Select Committee on European Communities Second Report


Letter from Lord Tordoff, Chairman of the Committee, to Barbara Roche MP, Minister of State, Home Office

  Droipen 18 was considered by Sub-Committee E (Law and Institutions) at its meeting on 24 November. The Committee also had before it Droipen 10, the draft framework decision on combating fraud and counterfeiting of non-cash means of payment. Both are important in relation to their subject matter and as early examples of "framework decisions" under Title VI TEU.

  The Committee notes that the European Scrutiny Committee of the House of Commons has requested further information from you on the detail of Droipen 10 and has decided to retain that document under scrutiny and will reconsider it when it has seen your response to that Committee.

  Droipen 18 raises a number of questions in relation to which the Committee would be grateful for further information and clarification. The first concerns the proposed legal base. The Committee notes that Droipen 18 is brought forward under Article 34(2)(b), Title VI, TEU. It would be helpful if you could more clearly describe the appropriateness of that provision as a legal base for this proposal. To what extent is Article 34(2)(b) limited by the scope of Title VI, and in particular by Articles 29 and 31(e)? If not so limited how extensive is the power in Article 34(2)(b) as regards the approximation of criminal laws and penalties?

  As mentioned above, Droipen 10 and 18 are among the first framework decisions to be examined by the Committee. The Committee notes the difference in approach and drafting in the definition of the "crimes" being approximated by the two instruments. This difference may be explicable by reference to their origins but it appears that the Government is more critical of the language and terminology of Droipen 10 than that of Droipen 18. Is Droipen 10 more likely to set the pattern of how framework decisions under Title VI TEU are to be drafted? It is, of course, important that the extent of any proposed criminality be precisely defined and the extent of the UK's obligations clearly set out. The Committee would welcome the Government's assurance that it is content with the use of the term "fraudulent" in Article 3 and that it has a sufficiently clear and common meaning in all the criminal jurisdictions of the Union.

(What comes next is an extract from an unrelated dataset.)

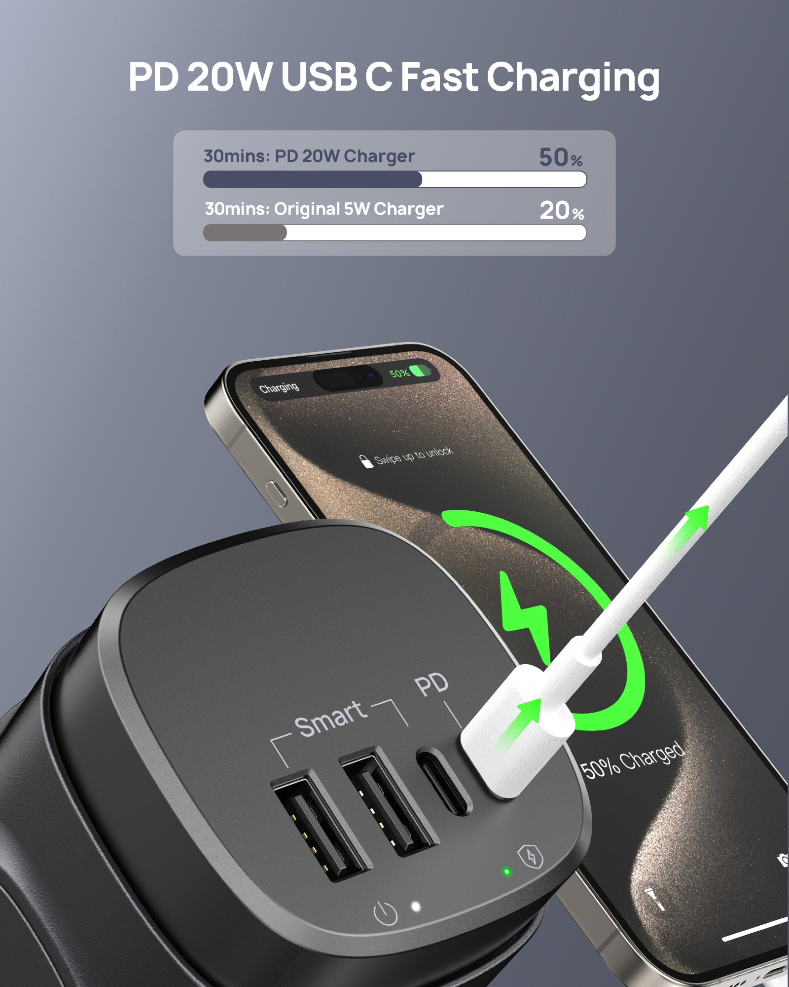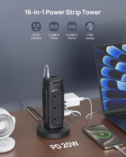 【20W USB C Power Strip Tower 】The USB power strip offers 12 widely-spaced AC sockets (1.5 in distance), 2 USB-A and 2 USB-C ports. Ideal for your home, office, college dorm room, or guest room. Note: The green USB C port offers PD 20W quick charging. Any 2/3/4 USB outputs shared 15W.

  In relation to Article 7, Jurisdiction, the Committee has a number of questions. Firstly, the Committee notes that the Government does not rule out the possibility of taking jurisdiction on the grounds of nationality (Article 7(1) second indent). You say: "The UK may wish to make use of this waiver". But in the context of Droipen 10 (fraud and counterfeiting of non-cash means of payment) you do not countenance any change to UK law. In relation to the equivalent provisions in Article 4 of Droipen 10 you say: "The UK would need to make use of this option because the UK does not take jurisdiction over its nationals abroad". It would be helpful if you could explain the reasons for this apparent difference of approach.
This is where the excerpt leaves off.